Human history is intimately entwined with the use and control of fire. However, working out when our relationship with fire began and how it subsequently evolved has been notoriously difficult.

This is partly due to the incomplete nature of archaeological records, and also because fire use was fleeting, making burnt remains difficult to detect.
But our team has found evidence of the controlled use of fire by direct human ancestors—or hominins—at a site in Spain dating to 250,000 years ago. This pushes the earliest evidence of fire control in Europe back by 50,000 years. The findings have been published in Nature Scientific Reports. It is truly special to find the remains of human ancestors and fire at the same location.
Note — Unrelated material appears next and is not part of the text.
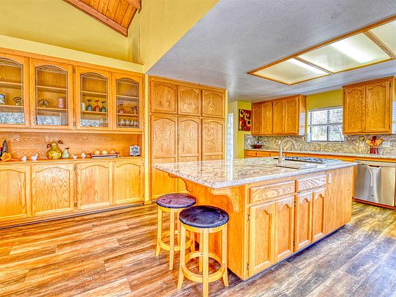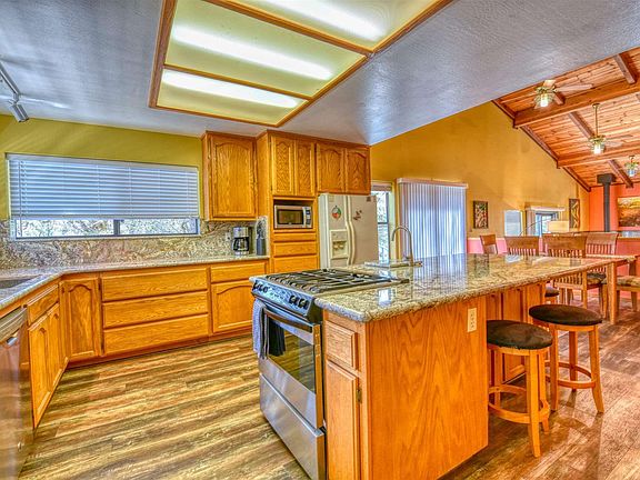 Beautiful and well-maintained home in a great location with golf course views! Turn-key home is being sold completely furnished. Wraparound deck with great views. Enjoy morning coffee from the front deck while soaking in the magnificent view of the sun rising over the peaks of Yosemite. Enjoy an evening glass of wine while relaxing on the back deck and enjoying the wildlife and sunset. Remodeled gourmet kitchen with lots of counter and cabinet space, vinyl plank flooring, granite counters, stainless dishwasher and gas stove/electric oven, and new stainless sink and faucet; refrigerator stays! Large island counter with breakfast bar and sink. New faux wood window blinds and vertical blinds. Large adjacent dining area with deck access and nice yard views. Entry hall has hardwood flooring and LED lighting. Spacious living room with dual access to deck, vaulted knotty pine ceiling with ceiling fan/lights, new bamboo flooring, and woodburning stove with tiled surround. Upstairs master features a private balcony deck with great golf course views; vaulted knotty pine ceiling with skylight, and new faux wood vertical blinds. Attached bath with ceramic tile floors, linen closet and cabinet, extra-large shower with dual shower heads, new fixtures, mirrors, toilet, and LED lights. Main level features a bright front bedroom and a large rear bedroom with access to private deck area. Bedrooms feature recently upgraded carpeting, ceiling fan/lights, and new faux wood blinds. Large remodeled hall bath with vinyl plank flooring, new toilet, shower faucets, and fixtures. Inside laundry with front loading washer and dryer and vinyl flooring Bamboo steps lead down to the 4th bedroom/bonus room with waterproof vinyl plank flooring including closet, hall, and bath. Remodeled half bathroom with new toilet, granite sink and cabinet. Energy efficient home with dual pane windows, evaporative cooler, and Central HVAC which was replaced in 2018, new LED ceiling lights in bedroom closets. Oversized 2 car garage with auto opener, workbench, and storage shelves. Lots of extra parking on extended driveway and room for RV/boat parking area under deck on left side of home (featuring new pavers). Vinyl shed containing firewood at left of home. Landscaping includes 2 Chinese Pistache trees, 2 evergreens, and rear deck entrance gate. Enjoy all of the amenities of Pine Mountain Lake including the Grill and Bar, Championship 18-hole Golf Course and Pro Shop, Equestrian Center, PML Airport, community pool, campgrounds, 202-acre lake with three beaches and "Fisherman's Cove", and Marina Lakeside Café. Sports Courts include tennis, pickleball, bocce ball, volleyball, and horseshoes; and there are archery and gun ranges and numerous hiking and biking trails. Historic downtown Groveland offers lots of dining and shopping opportunities, and Yosemite Park is just 23 miles away.

There is much earlier evidence of hominins exploiting fire, but this could have taken the form of hominins taking advantage of the burning embers from a natural wildfire to cook their food. The controlled use of fire is where humans intentionally start it and then manage, say, its extent or temperature. This is what we have evidence for at the site in Spain.
Much older evidence from outside Europe, which could be from humans making use of natural blazes, comes from Swartkrans cave in South Africa, where hominin remains were found with hundreds of burnt animal bones dating to between 1 and 1.5 million years ago. Burnt animal bone fragments were also identified at the 1.5 million-year-old site known as FxJj 20AB at Koobi Fora, Kenya.
Yet finding hominin artefacts and burnt bones at the same site does not in itself indicate that they coincided in time, let alone that humans were controlling fire. The path to its controlled use, is likely to have been gradual.
Fast forward almost a million years to the earliest-known clear evidence of fire made by humans: an open-air site called Gesher Benot Ya’aqov in Israel, dated to about 790,000 years ago. The evidence found at this location includes charred plants and burnt stone tools lying alongside one another.